Kamis, 24 November 2011

Asal Mula Istilah "ODOL"


Banyak yang tidak tahu, kenapa pasta gigi itu disebut juga "ODOL". Kadang kita menyebutnya odol Pepsodent, Odol Colgate, dll. Tahukah anda, bahwa "ODOL" sebenarnya adalah nama produk pasta gigi?

Kata Odol berasal dari merk pasta gigi bernama ’Odol’ yang amat tersohor di zaman dahulu, termasuk di tanah air kita yang kala itu masih di bawah penjajahan Belanda. Pasta gigi dengan wadah berwarna biru muda mampu menggeser pemakaian tumbukan batu-bata dan bubuk buah pinang (areca nut) yang kala itu masih banyak digunakan penduduk kita untuk menggosok gigi. Namun seperti layaknya dengan istilah-istilah bahasa Belanda lainnya, masyarakat kesulitan untuk mengucapkan kata tandpasta (tand = gigi) ini. Alhasil, diambillah jalan termudah dengan menyebut nama merknya, yaitu ’odol’

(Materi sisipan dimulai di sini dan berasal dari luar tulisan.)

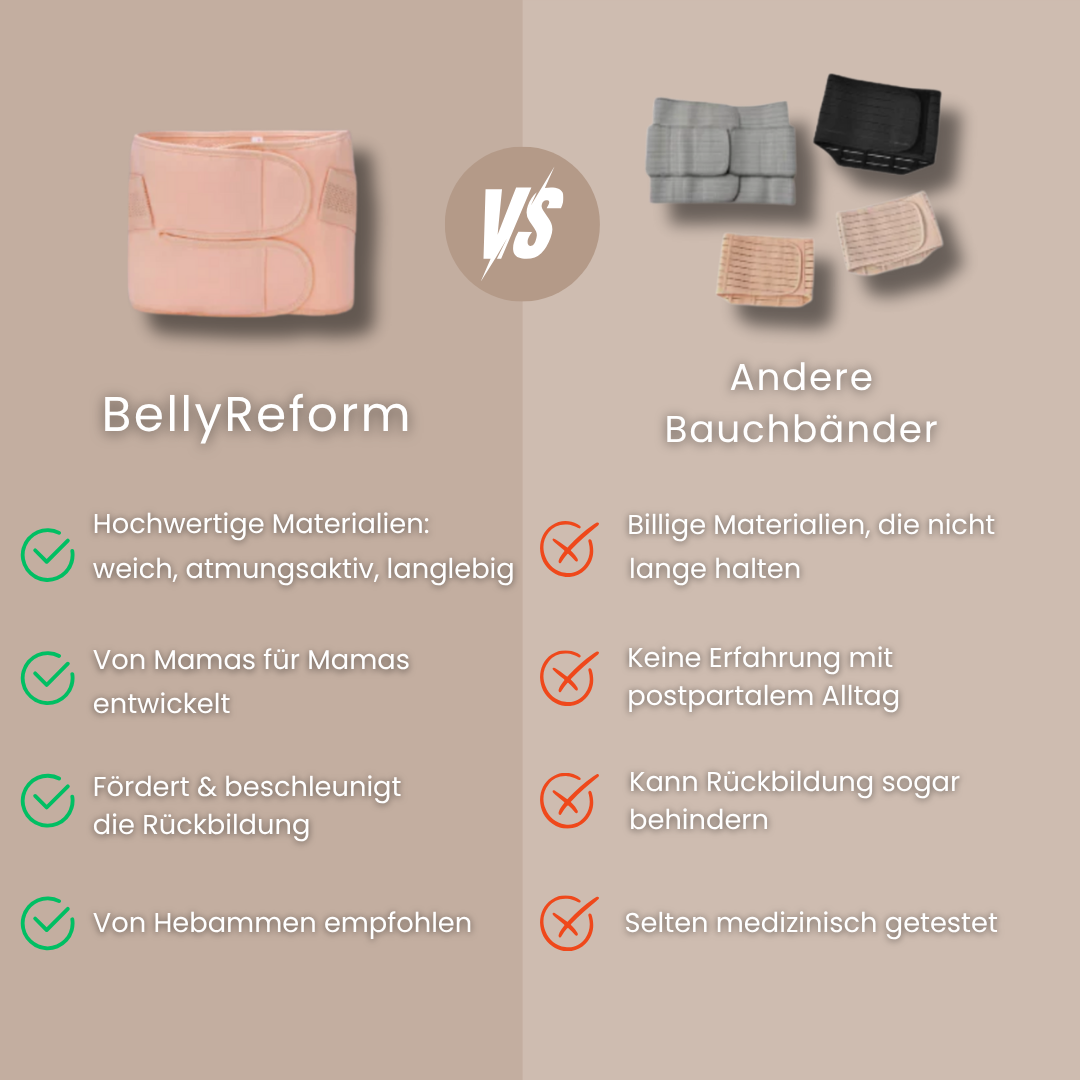 Vom Stillen über das Spazierengehen bis hin zum Wäscheaufhängen - alles fühlt sich nach der Geburt wie eine körperliche Belastung an. BellyReform wurde gemacht, um genau diesen Alltag leichter zu machen. Mehr Halt. Weniger Schmerzen. Und vor allem: Ein Körpergefühl, das sich wieder gut anfühlt.

Odol pertama kali diproduksi di Jerman oleh Dresden chemical laboratory Lingner, yang sekarang dikenal sebagai Lingner Werke AG pada tahun 1892 sebagai cairan pencuci mulut/mouthwash. Odol moutwash pada tahun 1900 an adalah merk ternama dan yang paling luas penggunaannya di hampir seluruh daratan Eropa.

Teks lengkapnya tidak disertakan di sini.